Comment 4 Gaoyun Pei 2014-06-17 09:33:19 UTC
This issue could be reproduced on my performance testing env with puddle 2.1.z/2014-05-29.3.

When trying to create a jbosseap-6 application, would get failed as following:
...
Using jbosseap-6 (JBoss Enterprise Application Platform 6) for 'jbosseap'

Application Options
-------------------
Domain:     00
Cartridges: jbosseap-6
Gear Size:  default
Scaling:    no

Creating application 'app1' ... 
Starting jbosseap cartridge
Found 127.10.197.129:8080 listening port
Found 127.10.197.129:9999 listening port
Failed to execute: 'control start' for /var/lib/openshift/53a007cb34c48ce9ee0000ce/jbosseap
Terminated (core dumped)


After making some changes in /etc/openshift/resource_limits.conf as BZ#1043414 said, this issue disappeared, jbosseap-6 app could always be created.
limits_nproc=500
memory_limit_in_bytes=5368709120 # 5G
memory_memsw_limit_in_bytes=5473566720 # 5G + 100M (100M swap)
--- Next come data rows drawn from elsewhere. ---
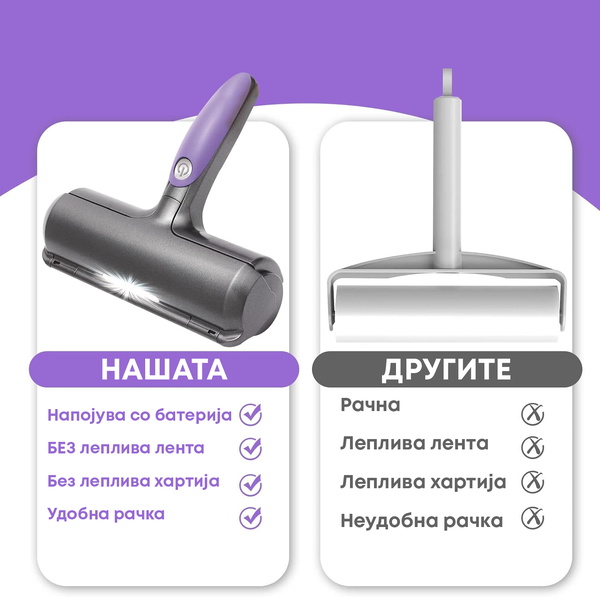 ✅ Разновидно чистење - Не ограничено само на влакната од домашни миленици, овој чистач ефикасно се справува со прашина, влакненца и други остатоци, што го прави разноврсна алатка за одржување на чист дом.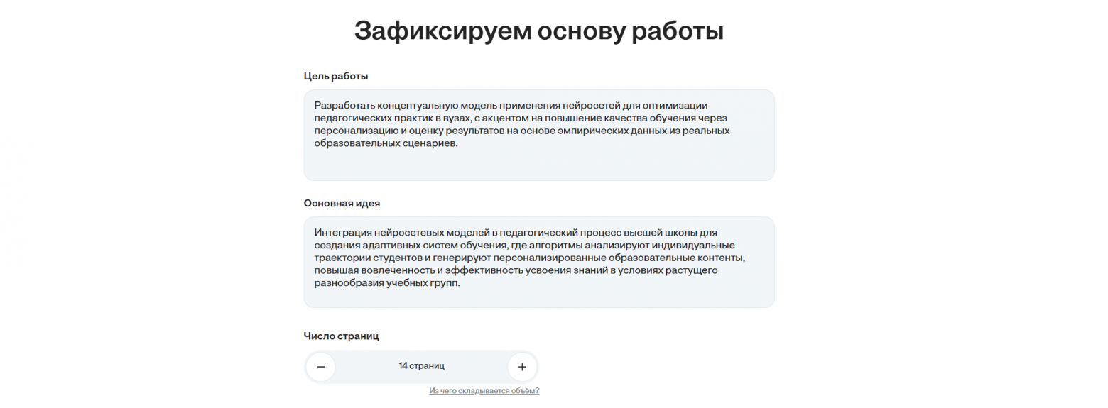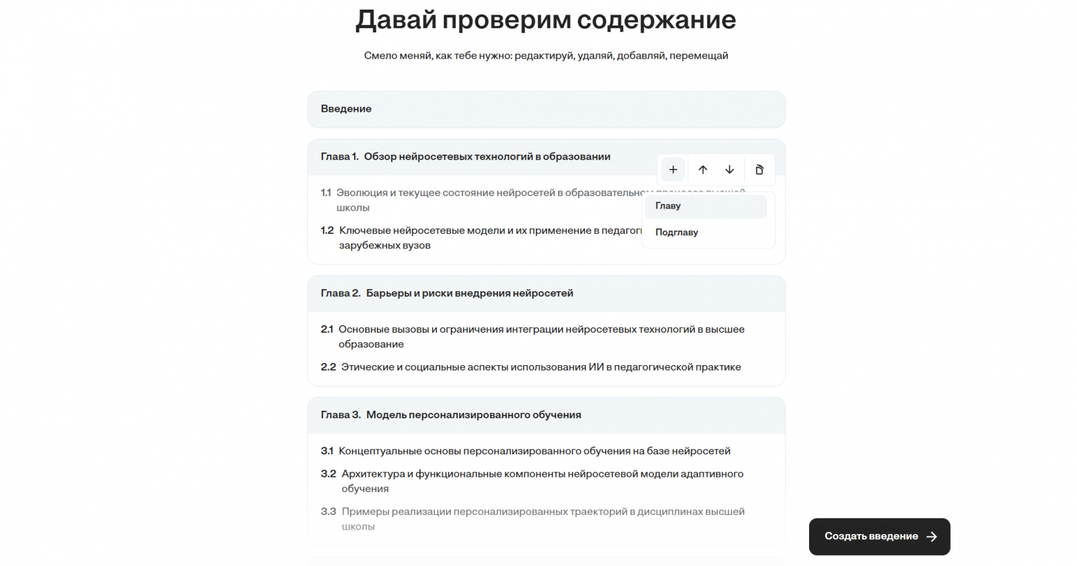 Действие пользователя: На этом этапе вы выступаете как научный руководитель. Внимательно просмотрите предложенные пункты. Если нейросеть упустила важный аспект, добавьте подзаголовок вручную или отредактируйте предложенные. Это обеспечит логическую цельность будущего текста.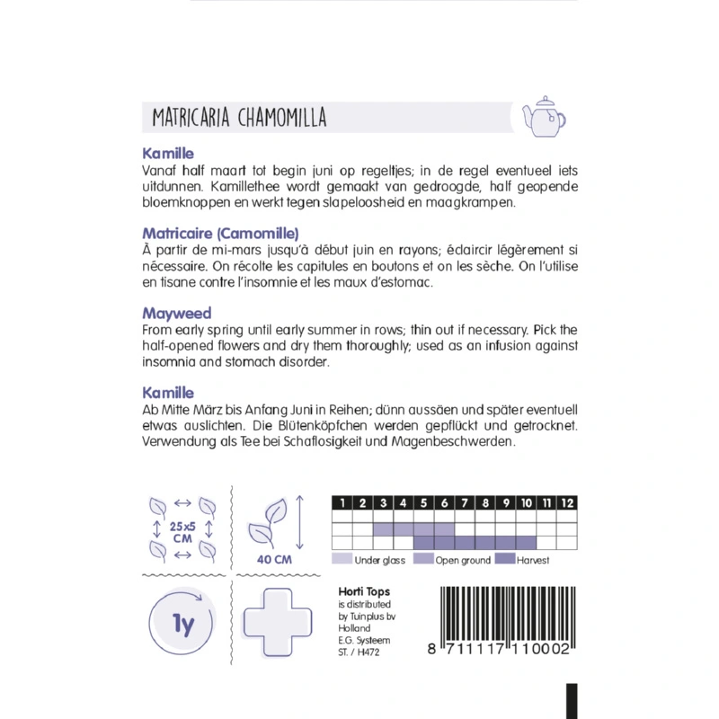 Horti Tops Kamille (Matricaria Chamomilla) kan o.a.gebruikt worden voor het maken van kamillethee, goed tegen slapeloosheid en maagkrampen. Zaaien van half maart - begin juni op regels.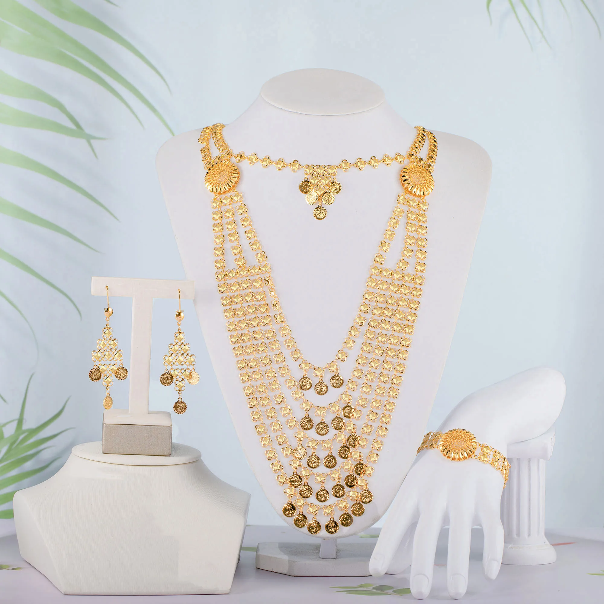 Handmade Products Gold Plated Wedding Party Jewelry Sets for Women Charms Pendant 18k Gold Plated Necklace Jewelry

Comment 6 Johnny Liu 2014-06-25 08:20:29 UTC
*** Bug 1110162 has been marked as a duplicate of this bug. ***

Comment 7 Jan Pazdziora 2014-06-25 08:38:15 UTC
(In reply to Gaoyun Pei from comment #4)
> 
> After making some changes in /etc/openshift/resource_limits.conf as
> BZ#1043414 said, this issue disappeared, jbosseap-6 app could always be
> created.
> limits_nproc=500
> memory_limit_in_bytes=5368709120 # 5G
> memory_memsw_limit_in_bytes=5473566720 # 5G + 100M (100M swap)

For the record, in nonconcurrent situation on OSE 2.1, the limits_nproc change was sufficient -- bug 1110162 comment 10.